For those who aren’t familiar with the area, Punkeydoodle’s Corner is situated outside of Tavistock, about 3 miles southwest of New Hamburg, south of Highway 7&8 at the pinpoint where Oxford, Perth and Waterloo Counties meet.
In the pioneer days of the early 1800s, the hamlet’s location on Upper Canada’s “main street”, the Huron Road that linked Goderich and Hamilton, was of great importance. Punkeydoodle’s Corner was then a thriving settlement and by the late 1800’s had a population of nearly 100 families. It boasted a frame hotel, a livery stable to quarter settler’s teams, a blacksmith shop, chopping mill, sawmill for square and round timber, an apple butter and cider mill and a general store. The settlement began to whither in the 1860s when the Grand Trunk Railway passed it by.

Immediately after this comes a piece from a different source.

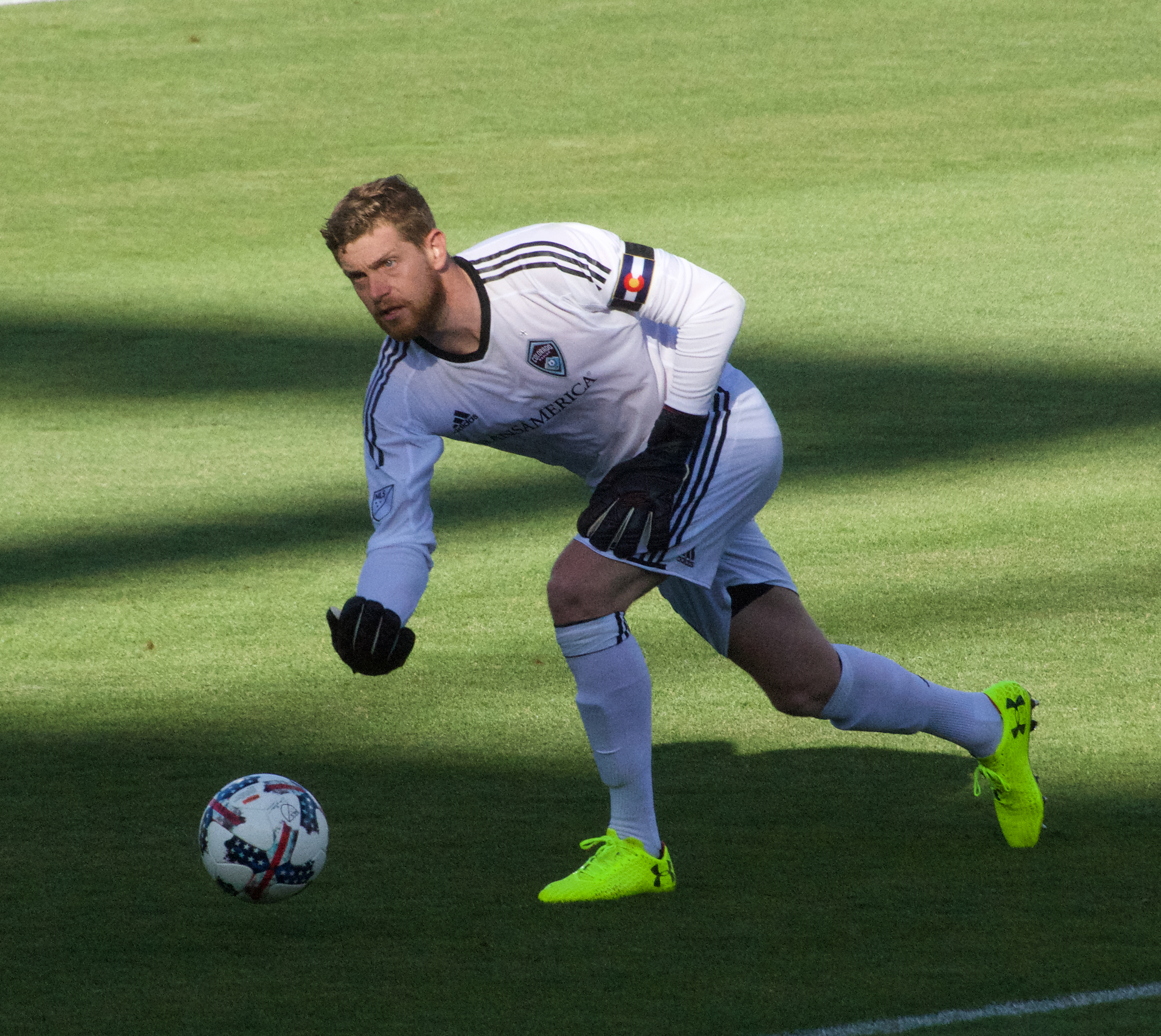 Zac MacMath of Colorado Rapids rolls the ball to a teammate. Avaya Stadium, 29 July 2017.

The name lives on and is featured on a local sign that is the subject of frequent “midnight moves”. And, of course, theories still abound on how this most unusual place name came to be. The most frequently cited claim is that the local innkeeper had a habit of singing “Yankee Doodle” which sounded more like “Punkey Doodle” to the tavern guests. Another story talks about a rowdy night at the hotel when one gentleman who had a bit too much to drink called another man a punkey doodle. However the name started, it’s here to stay.